We explore methods for finding perceptually similar faces by combining unsupervised ‘eigenface’ techniques with facial similarity ratings obtained from human subjects. We use a set of 1050 face images for which we have obtained the locations of facial features as well as the facial outline. The images are from the internet and exhibit uncontrolled lighting, viewpoint, and resolution. We segment and warp the faces to register the features and extract PCA coefficients from both the warping as well as the appearance of the faces. Previous authors (e.g. Dailey, Cottrel, Busey, 1999) have observed performance gains on facial recognition tasks by utilizing a psychological space obtained from human similarity ratings. We explore whether psychological space may be modeled as a Euclidean space by constructing a mapping function from PCA space to a space which conforms to psychometric similarity judgments.
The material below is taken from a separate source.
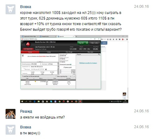 Parazzit @ 2.7.2016 Чувак просит 50 баксов покатать микро. А через пару часов просит докинуть ему ещё 60, чтобы сыграть турнир за 162. Вы сколько раз участник МММ?

The map is computed in two steps. First, we create an affinity matrix for a set of 750 train images. Similarity trees of 35 images are constructed using a greedy algorithm in which the two most similar faces are repeatedly joined together until every image has been placed in a tree (Rhodes, 1988). Each tree provides a fully ranked 35×35 matrix of distances which is used to populate the affinity matrix. Next, we explore various cost functions and optimize the parameters of the mapping in order to minimize the disparities between the similarity judgments made by subjects and the Euclidean distances of the PCA representations. The performance of the map is measured using a test set of 300 images rated using the similarity tree algorithm. Our performance metric considers the ∼25 closest images to a target image. It rewards retrievals which subjects consider close to a target image, while punishing retrievals which are far. Mapping results in performance increases of up to 20% over Euclidean PCA, indicating that mapping to a psychometric space can result in performance gains.

Holub, A. D. Everingham, M. Zisserman, A. Perona, P. (2005). Combining principal component techniques and psychological spaces to find perceptually similar faces [Abstract]. Journal of Vision, 5(8):827, 827a, http://journalofvision.org/5/8/827/, doi:10.1167/5.8.827. [CrossRef]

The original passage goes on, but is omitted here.